▶ _Activity_
An exact copy of every entry is what's needed, so please transcribe them all.

═════ Records provided ═════

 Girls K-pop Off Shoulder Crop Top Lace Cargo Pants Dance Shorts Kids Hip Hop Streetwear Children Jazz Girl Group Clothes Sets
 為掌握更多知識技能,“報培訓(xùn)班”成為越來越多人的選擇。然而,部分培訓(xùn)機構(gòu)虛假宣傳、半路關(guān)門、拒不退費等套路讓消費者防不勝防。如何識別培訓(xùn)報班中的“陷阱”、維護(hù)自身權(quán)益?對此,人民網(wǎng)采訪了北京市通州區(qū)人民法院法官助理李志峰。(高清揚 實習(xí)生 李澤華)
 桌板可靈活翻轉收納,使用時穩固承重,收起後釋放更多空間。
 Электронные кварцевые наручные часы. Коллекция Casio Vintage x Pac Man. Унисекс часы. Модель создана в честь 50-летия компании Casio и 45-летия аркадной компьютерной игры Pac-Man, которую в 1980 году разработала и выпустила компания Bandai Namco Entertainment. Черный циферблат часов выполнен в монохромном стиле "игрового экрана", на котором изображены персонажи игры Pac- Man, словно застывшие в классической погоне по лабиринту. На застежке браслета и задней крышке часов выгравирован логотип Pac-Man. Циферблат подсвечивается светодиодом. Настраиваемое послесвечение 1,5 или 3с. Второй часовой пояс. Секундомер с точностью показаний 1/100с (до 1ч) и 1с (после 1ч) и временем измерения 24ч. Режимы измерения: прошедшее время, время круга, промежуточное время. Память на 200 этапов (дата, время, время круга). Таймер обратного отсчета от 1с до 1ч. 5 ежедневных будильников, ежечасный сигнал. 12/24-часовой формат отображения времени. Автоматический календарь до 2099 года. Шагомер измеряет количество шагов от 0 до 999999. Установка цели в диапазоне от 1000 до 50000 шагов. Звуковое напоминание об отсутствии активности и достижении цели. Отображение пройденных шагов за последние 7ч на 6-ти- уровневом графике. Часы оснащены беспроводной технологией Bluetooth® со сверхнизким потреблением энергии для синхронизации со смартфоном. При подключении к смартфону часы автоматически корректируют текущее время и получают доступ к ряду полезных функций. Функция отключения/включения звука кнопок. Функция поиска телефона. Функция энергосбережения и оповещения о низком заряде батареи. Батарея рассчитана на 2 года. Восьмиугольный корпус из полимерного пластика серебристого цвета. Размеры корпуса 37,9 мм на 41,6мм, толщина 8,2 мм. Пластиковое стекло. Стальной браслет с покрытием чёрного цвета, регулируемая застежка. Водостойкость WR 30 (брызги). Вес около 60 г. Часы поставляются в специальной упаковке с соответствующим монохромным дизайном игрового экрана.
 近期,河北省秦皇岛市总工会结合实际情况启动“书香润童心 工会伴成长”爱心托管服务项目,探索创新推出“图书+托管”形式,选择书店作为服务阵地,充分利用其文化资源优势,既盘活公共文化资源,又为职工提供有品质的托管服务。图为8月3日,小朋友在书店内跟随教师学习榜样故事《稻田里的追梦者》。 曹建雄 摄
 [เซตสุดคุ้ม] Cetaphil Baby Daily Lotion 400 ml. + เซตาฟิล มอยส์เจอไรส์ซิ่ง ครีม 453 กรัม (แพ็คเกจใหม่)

═════

▶ _Answer to this problem_
 Girls K-pop Off Shoulder Crop Top Lace Cargo Pants Dance Shorts Kids Hip Hop Streetwear Children Jazz Girl Group Clothes Sets
 為掌握更多知識技能,“報培訓(xùn)班”成為越來越多人的選擇。然而,部分培訓(xùn)機構(gòu)虛假宣傳、半路關(guān)門、拒不退費等套路讓消費者防不勝防。如何識別培訓(xùn)報班中的“陷阱”、維護(hù)自身權(quán)益?對此,人民網(wǎng)采訪了北京市通州區(qū)人民法院法官助理李志峰。(高清揚 實習(xí)生 李澤華)
 桌板可靈活翻轉收納,使用時穩固承重,收起後釋放更多空間。
 Электронные кварцевые наручные часы. Коллекция Casio Vintage x Pac Man. Унисекс часы. Модель создана в честь 50-летия компании Casio и 45-летия аркадной компьютерной игры Pac-Man, которую в 1980 году разработала и выпустила компания Bandai Namco Entertainment. Черный циферблат часов выполнен в монохромном стиле "игрового экрана", на котором изображены персонажи игры Pac- Man, словно застывшие в классической погоне по лабиринту. На застежке браслета и задней крышке часов выгравирован логотип Pac-Man. Циферблат подсвечивается светодиодом. Настраиваемое послесвечение 1,5 или 3с. Второй часовой пояс. Секундомер с точностью показаний 1/100с (до 1ч) и 1с (после 1ч) и временем измерения 24ч. Режимы измерения: прошедшее время, время круга, промежуточное время. Память на 200 этапов (дата, время, время круга). Таймер обратного отсчета от 1с до 1ч. 5 ежедневных будильников, ежечасный сигнал. 12/24-часовой формат отображения времени. Автоматический календарь до 2099 года. Шагомер измеряет количество шагов от 0 до 999999. Установка цели в диапазоне от 1000 до 50000 шагов. Звуковое напоминание об отсутствии активности и достижении цели. Отображение пройденных шагов за последние 7ч на 6-ти- уровневом графике. Часы оснащены беспроводной технологией Bluetooth® со сверхнизким потреблением энергии для синхронизации со смартфоном. При подключении к смартфону часы автоматически корректируют текущее время и получают доступ к ряду полезных функций. Функция отключения/включения звука кнопок. Функция поиска телефона. Функция энергосбережения и оповещения о низком заряде батареи. Батарея рассчитана на 2 года. Восьмиугольный корпус из полимерного пластика серебристого цвета. Размеры корпуса 37,9 мм на 41,6мм, толщина 8,2 мм. Пластиковое стекло. Стальной браслет с покрытием чёрного цвета, регулируемая застежка. Водостойкость WR 30 (брызги). Вес около 60 г. Часы поставляются в специальной упаковке с соответствующим монохромным дизайном игрового экрана.
 近期,河北省秦皇岛市总工会结合实际情况启动“书香润童心 工会伴成长”爱心托管服务项目,探索创新推出“图书+托管”形式,选择书店作为服务阵地,充分利用其文化资源优势,既盘活公共文化资源,又为职工提供有品质的托管服务。图为8月3日,小朋友在书店内跟随教师学习榜样故事《稻田里的追梦者》。 曹建雄 摄
 [เซตสุดคุ้ม] Cetaphil Baby Daily Lotion 400 ml. + เซตาฟิล มอยส์เจอไรส์ซิ่ง ครีม 453 กรัม (แพ็คเกจใหม่)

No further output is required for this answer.